## Items listed in a dataset
- Opening Delimiter -

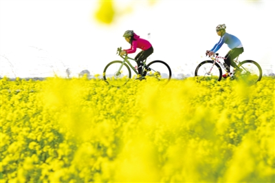 随着天气回暖,江西省樟树市永泰镇官湖村的油菜花竞相绽放,金黄色花海染尽乡野,吸引了众多游人和学生等前来观赏、写生,感受春日之美。图为2月21日,骑行爱好者在江西省樟树市永泰镇官湖村油菜花海中骑行、赏花。 新华社发 周亮/摄
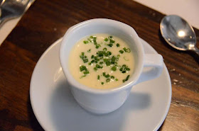Antes de nada un aperitivo: Sopa de patata, cremosa, ligera, de mucha intensidad, con recuerdos marinos marcados a la vez que tenues. Buen inicio, la cosa apuntaba bien.
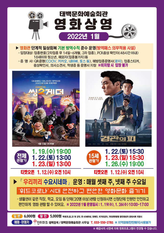 이밖에도 태백문화예술회관은 위드 코로나 시대를 대비, 안전하고 편안하게 영화를 즐길 수 있는 ‘우리끼리 수요시네마’를 매월 셋째 주, 넷째 주 수요일 오전 10시부터 오후 5시까지 운영한다.
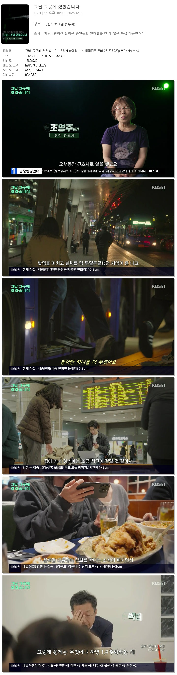 | [KBS1] 그날 그곳에 있었습니다 12.3 비상계엄 1년 특집다큐.E01.251203.720p.WANNA.mp4 | 1.1 G | 00:49:30 | 1280x720 |
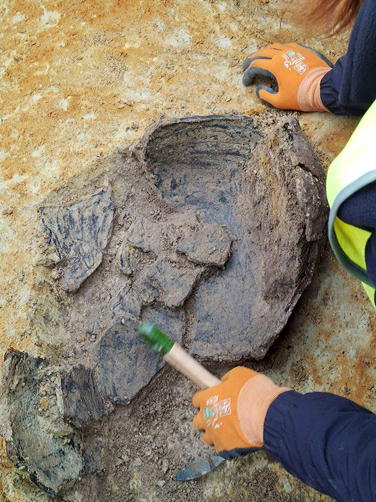 Ein weiterer eindrucksvoller Fund ist eine etwa 1,5 Meter tiefe trichterförmige Grube, in deren Boden eine große Tonschale eingelassen war – vermutlich ein früher „Erdkühlschrank“, in dem verderbliche Lebensmittel kühl gelagert wurden. Das Gefäß konnte vollständig geborgen werden. Das Verfüllmaterial wird derzeit im Labor untersucht, um nähere Erkenntnisse über seine Nutzung zu gewinnen.
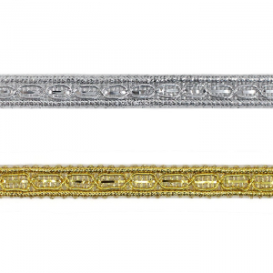 Тесьма доступна в двух цветах: золото и серебро. Она идеально подходит для отделки одежды, декора сценических костюмов, а также для украшения головных уборов и элементов интерьера. Представляет собой прочную плетёную, рельефную тесьму с повторяющимся геометрическим узором. Тесьма пронизана металлизированными нитями, что придаёт ей уникальный блеск. Создавайте свои неповторимые изделия!
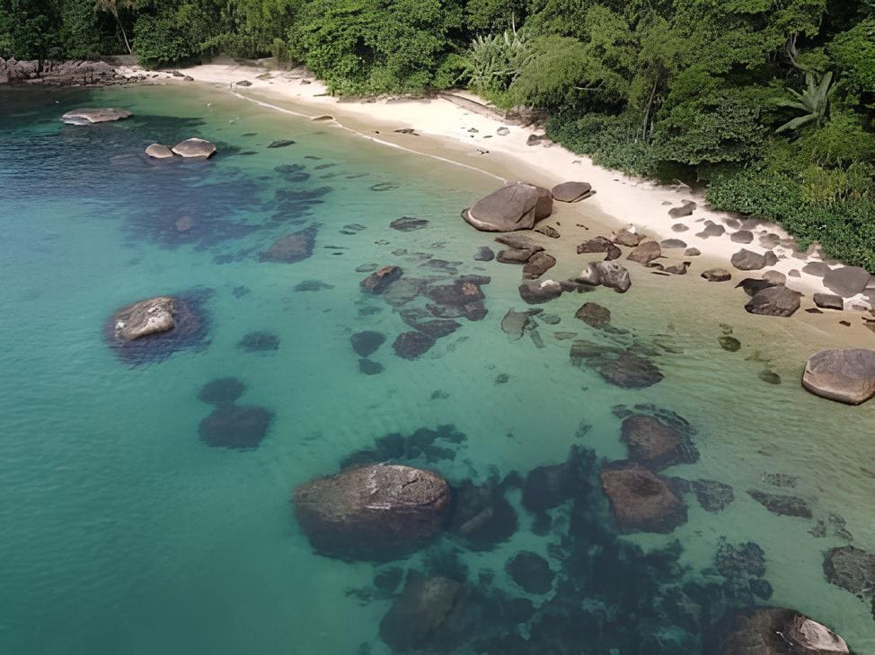 Um refúgio de água cristalina e trilhas arqueológicas, com acesso por barco.

- Closing Delimiter -

## WORK TASK
Print nothing except the lines above from the one containing "Antes de nada" down to the one containing "이밖에도 태백문화예술회관은 위드", both included, exactly as written and free of pictures.

## EXERCISE SOLUTION
Antes de nada un aperitivo: Sopa de patata, cremosa, ligera, de mucha intensidad, con recuerdos marinos marcados a la vez que tenues. Buen inicio, la cosa apuntaba bien.
 이밖에도 태백문화예술회관은 위드 코로나 시대를 대비, 안전하고 편안하게 영화를 즐길 수 있는 ‘우리끼리 수요시네마’를 매월 셋째 주, 넷째 주 수요일 오전 10시부터 오후 5시까지 운영한다.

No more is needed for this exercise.